Cao Lau is the most famous noodle in Hoi An and it is considered as a specialty food of Hoi An. Cao Lau is the combination of many different food cultures. Cao Lau consists of thick rice noodles, pieces of barbecued pork, greens and crunchy croutons. The thick noodles are similar to Japanese udon, the crispy won-ton crackers and pork are a Chinese touch, while the broth and herbs are clearly Vietnamese.
Cao Lau noodle is made from local new sticky rice. Water used to soak rice must be taken from wells in the Ba Le Village; noodles thus will be soft, enduring and flavored with special sweet-smelling. The outstanding feature of this food is the color of noodle because of the ash from Cham (tree) from Cu Lao Cham. On the Cao Lau noodles were some meat slices mixed with fat made from fried noodles served with vegetables and bean sprouts, which together with the green adds a burst of freshness and crisp texture to the chewy noodles and meaty pork. Sharp-witted eaters would find out the specific flavor of the dish.
Dry pancakes used as an ingredient must be thick with much sesame on the surface. Greasy coconut quintessence and bitter green cabbage are also indispensable. The so-called genuine Cao Lau, Hoi An must satisfy all above requirements. So you need one local tour guide to introduce the destination of some local restaurants there.
It was said that only some wells in Hoi An were used to make Cao Lau Noodles. Besides, only some Hoi An families were able to produce Cao Lau by their own traditional way, but the quality was not as good as it was before. Up to now, there is no historian data or information to clarify the origin of Cao Lau, so it still remains in mystery.
Ingredients
- 1kg pig femur
- 1 carrot
- 1 white radish
- 1 “Su Su”
- 2 chicken breasts
- Red vinegar
- Soy sauce
- 300 gram lean back pork
- 300 gram cha lua
- 40 leaves wontons
- 24 noodles
- A little spice, cilantro, fresh onion
- A spoon of scented wine
- Pepper, shallots, lettuce
Instructions
- Prepare: carrots, turnips, su su peel and cut.
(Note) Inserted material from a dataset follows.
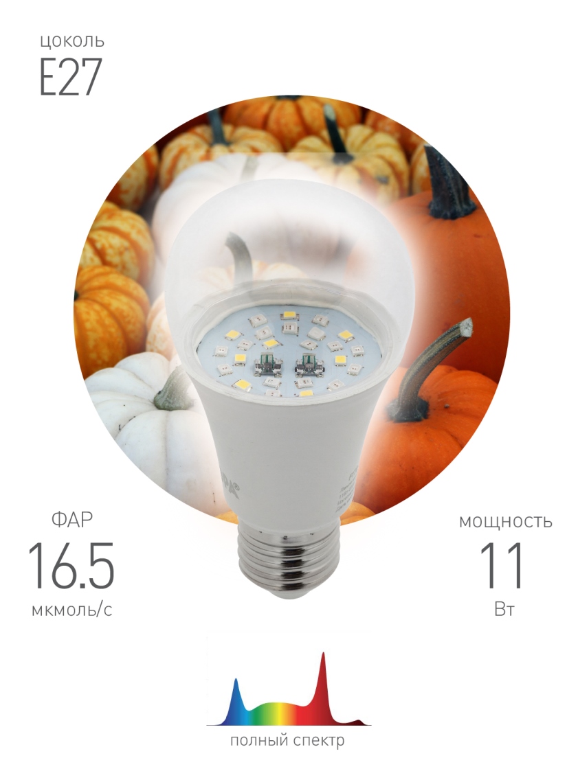 Лампа полного спектра ЭРА FITO-11W-Ra90-E27 предназначена для выращивания любых растений в любой период их роста и развития, но незаменима для растений семейств хризантемовые и тыквенные. Прозрачный плафон из поликарбоната сохраняет свет от светодиодов, в отличие от матовых рассеивателей. Лампа благоприятно воздействует как на фотосинтез, так и на фотоморфогенез. Необходимо отметить, что приятный свет лампы не раздражает людей, находящихся в помещении.Лама ЭРА FITO-11W-Ra90-E27 рейстайлинг лампы FITO-11W-Ra90-E27-К. В данной лампе увеличен фотонный поток за счет снижения температуры светодиодов, подбора более качественных бинов. Суммарная мощность лампы и спектрограмма не изменились.

- Put bone, water, salt, seasoning, carrots, white turnips, su su, and a little onion into pot to cook soups. Chicken boil and torn into small fibers.
- Lean back spiced, alcohol, Five spices and a little of red- orange about 30 minutes. Then fry, pout a little soups, cook until dry then slice thinly.
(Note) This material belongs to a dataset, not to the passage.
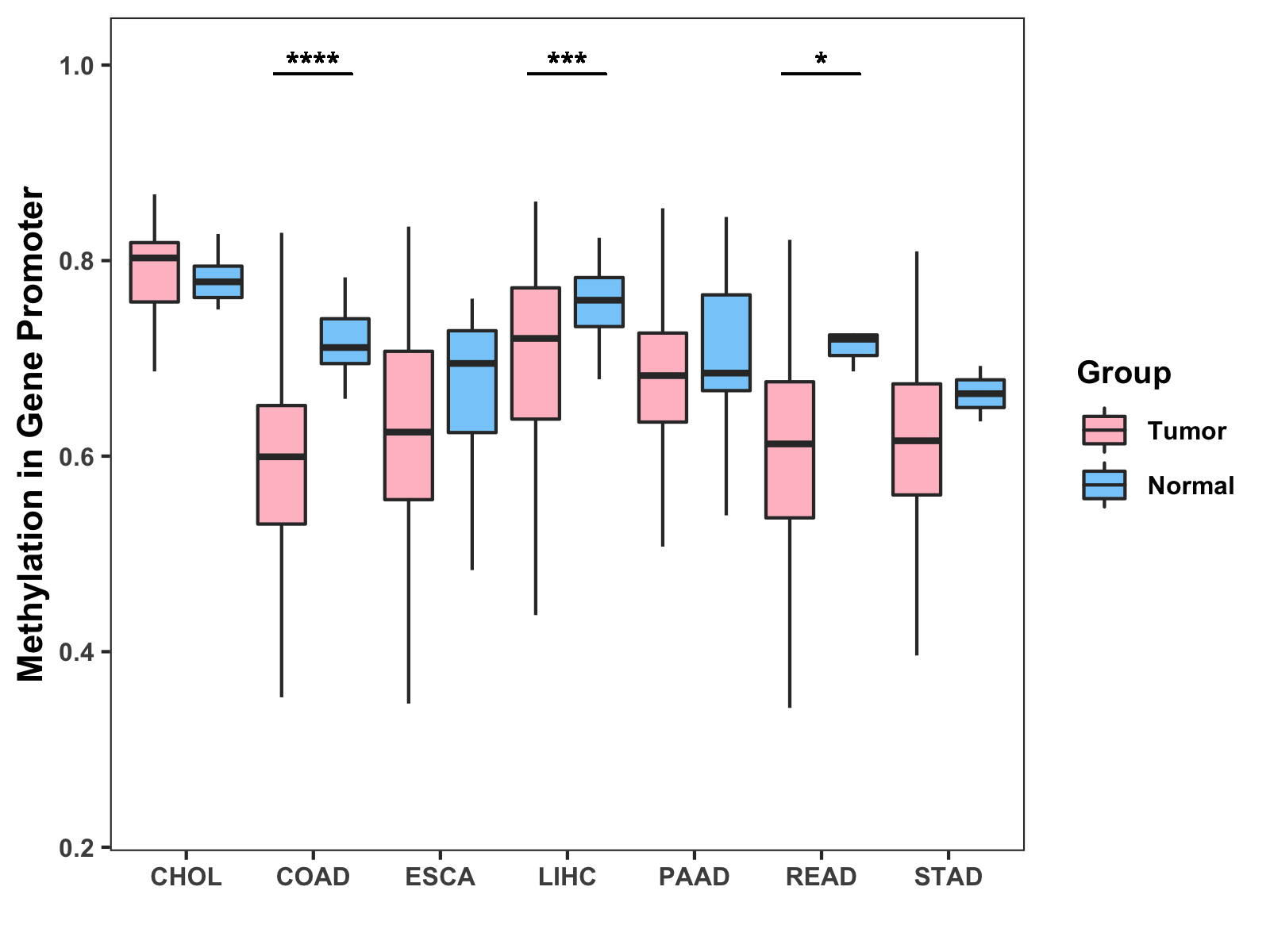 Boxplot of All Gastrointestinal Cancer ( * : 0.01-0.05 , ** : 0.005-0.01 , *** : 0.0001-0.005 , **** : < 0.0001 ) |

- Role finely minced lean in wontons leave then fry.
- Cut shallotm lettuce drain and cut into pieces, shop peppers, slice “cha lua”.
- Boil water, put noodle then drain and irrigate fat. Put xa xiu meat , cha lua, chicken, cooking oil, onion, chopped cilantro and wontons above, alitle soups.
How to enjoy:
Cao lau is served with shallot, fork salad, lemon, pepper, vinegar, soy sauce, chili.